C # reference SHDocVw to simulate webpage operations,
Due to the need of recent projects, web page crawling is exposed.
Some simple web pages are exposed at the initial stage. After packet capture analysis by Fiddler, you can simulate http requests and perform the desired operations.
Some complex web pages are exposed later. It is difficult to implement a set of simulated logon methods, and the website is encrypted. It cannot be analyzed after the Fiddler captures packets. Therefore, the webbrower control is used and users can log on manually, after logging on, the program automatically completes subsequent operations.
- 3. SHDocVw. InternetExplorer
Later, some problems were solved by webbrower. (After clicking the button, there was no correct response. I don't know whether it was the cause of iframe or the cross-origin js issue.) This was found on the website.
There are a lot of such searches on the Internet, and some basic operations are mentioned, such as getting IE, opening a specified URL, obtaining a control, executing a control click, and executing JS.

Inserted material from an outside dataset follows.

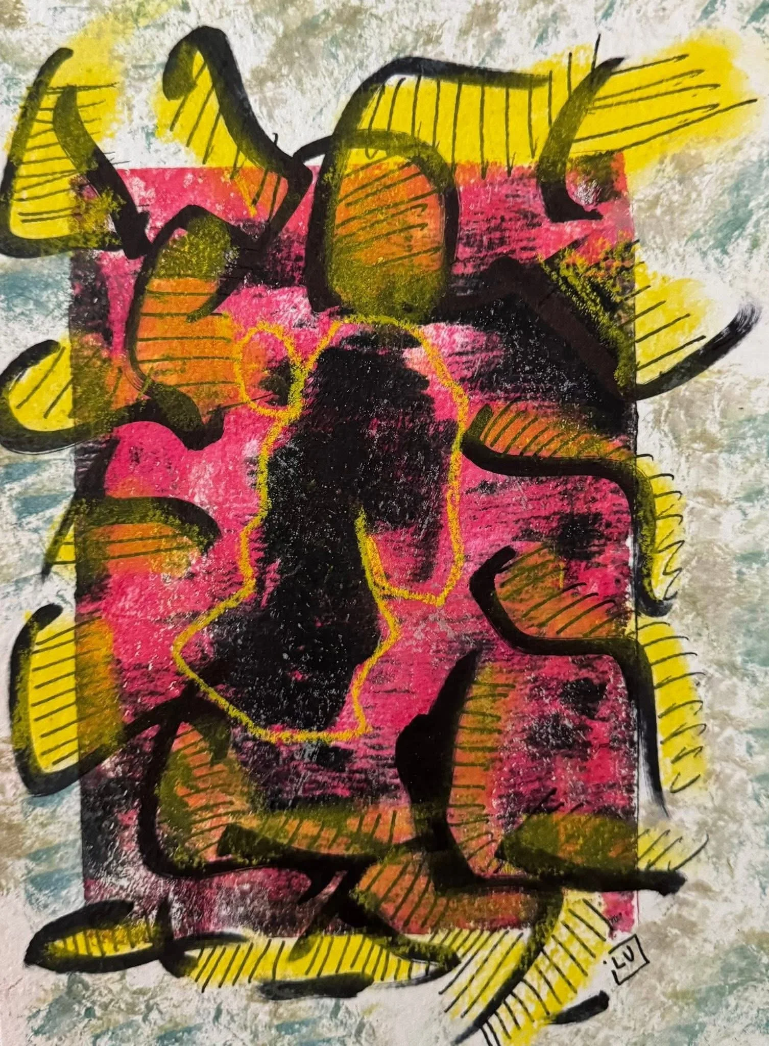 Mixed Media on Paper, 8 in x 10 inches, 2025

However, to achieve automation, the most important thing is to judge whether the current page has been loaded, which is rarely mentioned on the Internet. The following are some methods to collect on the Internet:
It is determined that ReadyState = tagREADYSTATE. READYSTATE_COMPLETE is completed.

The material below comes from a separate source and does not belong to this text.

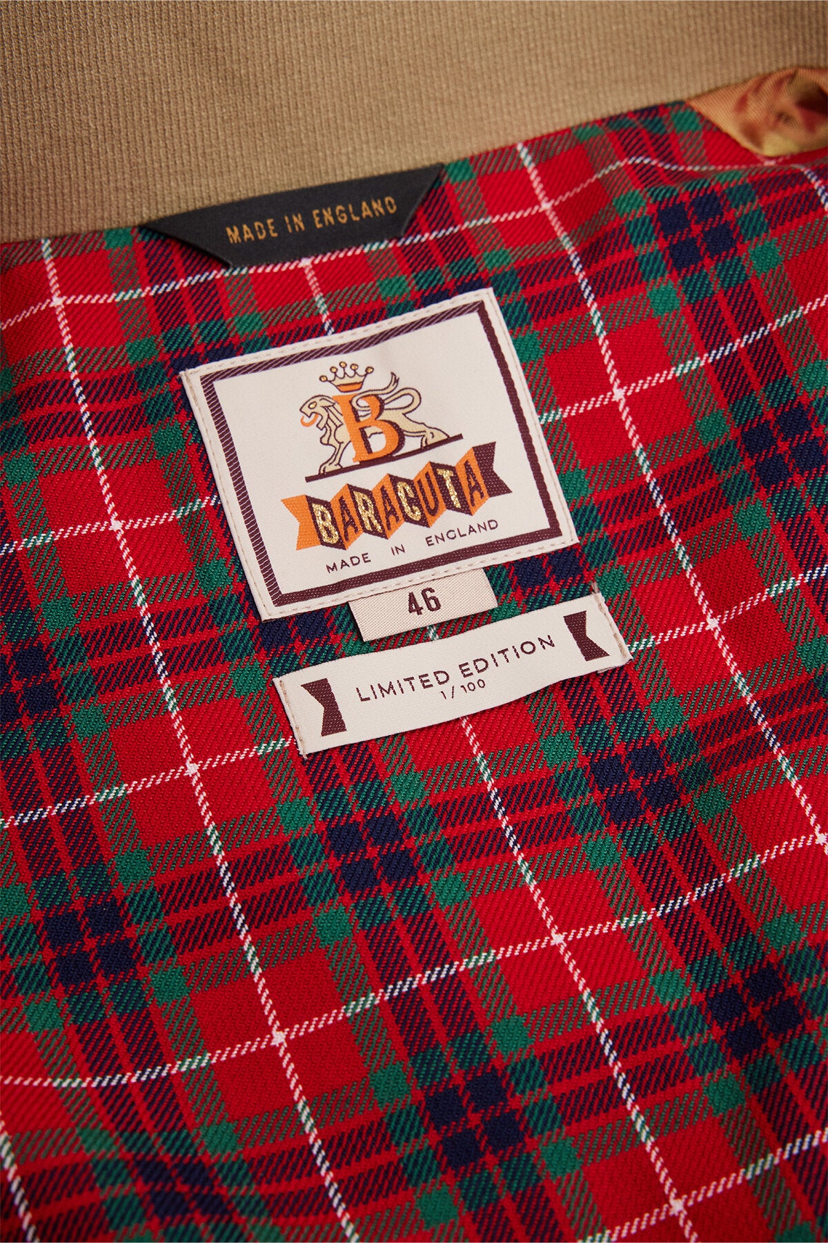 Ognuna delle 100 giacche numerate incarna il nostro impegno per la tradizione e l'artigianato, segnandola come un pezzo di storia Baracuta. Realizzata nel Regno Unito.

However, in actual use, the ReadyState will not change in some cases (for example, when the form of some pages is submitted for query), and The status is always complete. Therefore, this judgment is inaccurate.
JudgmentStatusTextWhether to include "completed". If yes, the page is loaded completely. If no content is included, the page is not loaded completely.
When the page is loaded, the DocumentComplete event is triggered, so we can set the semaphore through DocumentComplete.